Define $L^p_0 := \{ f \in L^p : \int f = 0 \}$. I am trying to calculate the dimension of the cokernel of the inclusion operator $i:L^p_0 \to L^p$. That is, I am trying to calculate $$\dim ( L^p / L^p_0 )$$
If $p=2$, I would have a Hilbert space and I would say that $$ L^2_0 = \{ f \in L^2 : \langle f,c\rangle =0\}, $$ that is, $L^2_0$ is the orthogonal complement of the subspace of constant functions. As this subspace has dimension 1, I guess there is some simple argument to conclude that the cokernel of its orthogonal space is also 1 (Is this because of the projection theorem?

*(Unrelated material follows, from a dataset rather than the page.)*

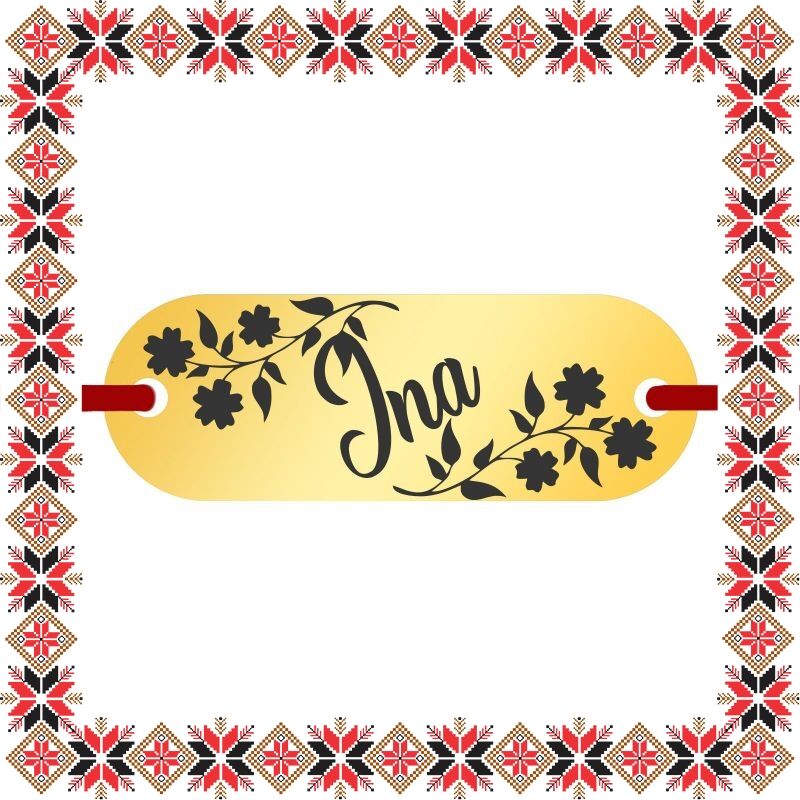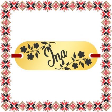 Bratara martisor cu pandantiv de inox in forma de placuta ovala de culoare aurie gravata cu crengute de flori si numele doamnei dragi din viata ta, Ina. Daruieste martisoare personalizate! Alege un martisor realizat din otel inoxidabil pentru ca primitoarea il va putea purta tot anul, fa-o sa zambeasca odata cu venirea primaverii!

How can I do this rigorously?)
For the general case, I don't know how to proceed to do the same thing rigorously for a Banach space. I think this is pretty straightforward but I've forgotten most of functional analysis stuff and I'd like to re-learn these things. Thanks in advance.
Bonus question: Is it true that the dual space $(L^p_0)^* = L^{p'} / \mathbb{R}$ ? Is the inclusion $i:L^p_0 \to L^p$ the adjoint operator of the projection $pr: L^{p'} \to L^{p'} / \mathbb{R}$ ?
Generally, if $T:X\to Y$ is a surjective linear map, then $X/\ker T$ is isomorphic to $Y$. Applied to your case, $X=L^p$, $Y=\mathbb{R}$, $T=\int f$, this yields $L^p/L^p_0 $ being isomorphic to $\mathbb{R}$. (Or $\mathbb{C}$ if you use complex scalars)
Bonus content:
If $M$ is a closed subspace of Banach space $X$, the inclusion $i:M\to X$ has adjoint $i^*:X^*\to M^*$, which is simply the restriction of linear functionals on $X$ to $M$. This adjoint is surjective by the Hahn–Banach theorem. Its kernel is $M^\perp\subset X^*$, the space of functionals vanishing on $M$. It follows that $M^* $ is (isometrically) isomorphic to $X^*/M^\perp$.
Similarly (and more relevant to your question), the projection map $\pi : X\to X/M$ has adjoint $\pi^*:(X/M)^*\to X^*$ which acts by $\pi^*(f)(x) = f(x+M)$. The range of $\pi$ is precisely $M^\perp$. Indeed, it's clear that $\pi^*(f)$ vanishes on $M$; and conversely, every element $f\in M^\perp$ naturally defines a linear functional on the coset space $X/M$. Lastly, $\pi^*$ is an isometry, which one can see using the definition of the quotient norm on $X/M$.
In your example, $M=L_0^p$, and $M^\perp = \{f\in L^{p'} : f\equiv \operatorname{const}\}$. So, $(X/M)^*$ is isomorphic to the space of constant functions in $L^{p'}$, which is isomorphic to $\mathbb{R}$.
Suggested reading: Conway, A first course in functional analysis, the chapter on Banach spaces.